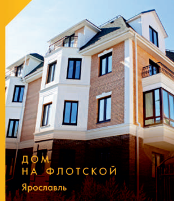
ДОМ НА ФЛОТСКОЙ Ярославль
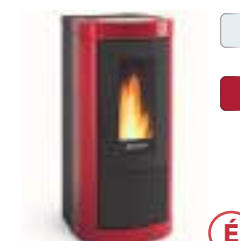
MIETTA 8 kW
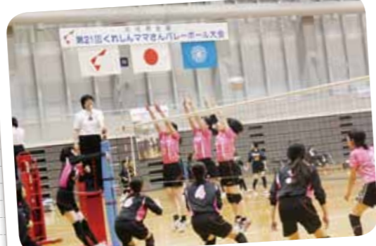
第21回 くれしんママさんバレーボール大会開催 (平成28年5月21日・22日)
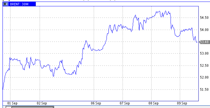
Динамика Brent за две недели

Нефть Прошлая неделя на мировых рынках прошла под знаком роста нефтяных котировок. Это происходило на фоне ослабления доллара, снижение экспорта нефти странами ОПЕК в августе, опасения новых ураганов в Мексиканском заливе и снижение добычи нефти в США на 750 тысяч баррелей за неделю согласно данным Минэнерго. Тем временем, в Атлантическом океане возникло ещё три урагана (Ирма, Хосе и Катя), которые могут угрожать нефтяной инфраструктуре Мексиканского залива. Ураган Ирма уже приближается. Если он будет иметь такие же масштабные последствия, как и Харви, то $55 за баррель не станут барьером для Brent. 20% НПЗ США, сосредоточенные в Техасе и Луизиане, по-прежнему закрыты.
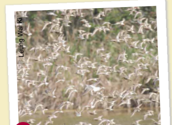
8 16/17號基圍 大批遷徙水鳥和留鳥在基圍聚集及覓食，尤其在潮漲和晚間時份。考考你的眼界，看看你一共發現多少種雀鳥？
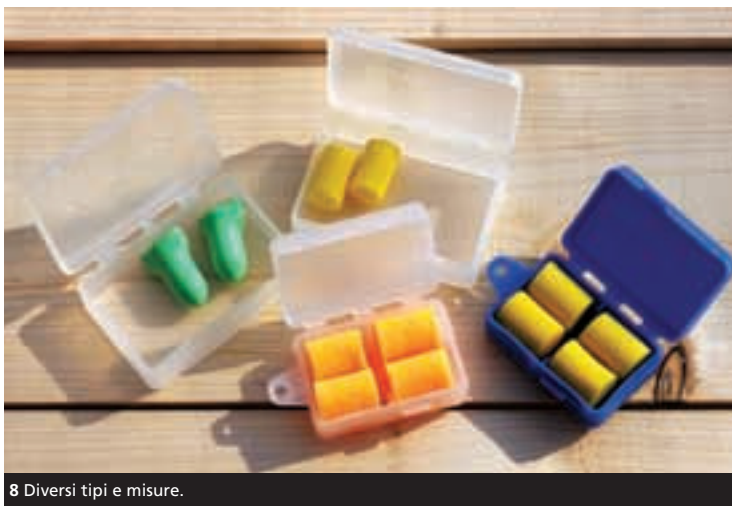
8 Diversi tipi e misure.
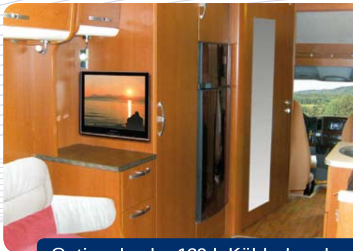
Optional – der 160-L-Kühlschrank
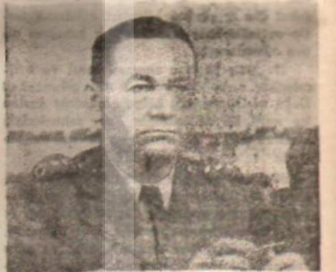
Senatör Sami Küçük

S ami Küçük, Suphi Karıman ve Vehbi Ersel tarafından bir sosyalist partisi kurulacağı hakkında Ankara'da dolayan söylentileri, ilgililer kesin şekilde yalanladı. Sami Küçük, söyletinin iki arkadaşı ile birlikte YON'un bildirisini imzalamaları yüzünden çıktığı kanaatinde.
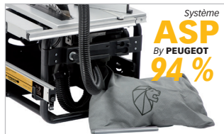
Sac collecteur de poussières intégré (14L) Integrated dust suction (14L)
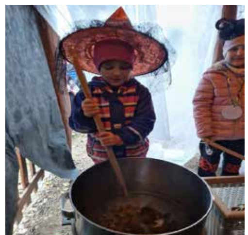
Děti míchají kouzelné lektvary
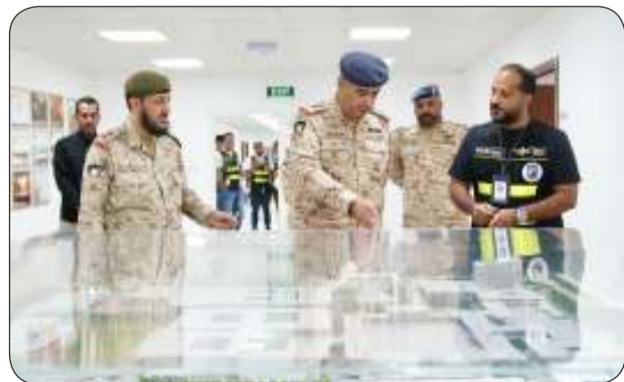
■ رئيس الأركان مطلعاً على ما كيت المشروع
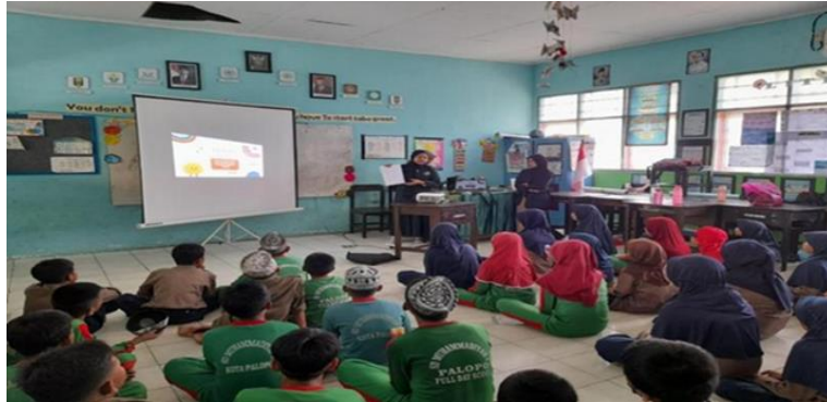
Gambar 2. Penyampaian materi edukasi gizi berbasis video di kelas, siswa tampak fokus dan memperhatikan tayangan video edukatif dengan antusias.

Sebagai bagian dari dokumentasi kegiatan edukasi, berikut disajikan beberapa foto pelaksanaan yang memperlihatkan dinamika proses pembelajaran dan partisipasi siswa:

################

ACTION ITEM =>
All lines that contain the word "Sami" should be copied from the listing.

EXERCISE SOLUTION =>
Senatör Sami Küçük
S ami Küçük, Suphi Karıman ve Vehbi Ersel tarafından bir sosyalist partisi kurulacağı hakkında Ankara'da dolayan söylentileri, ilgililer kesin şekilde yalanladı. Sami Küçük, söyletinin iki arkadaşı ile birlikte YON'un bildirisini imzalamaları yüzünden çıktığı kanaatinde.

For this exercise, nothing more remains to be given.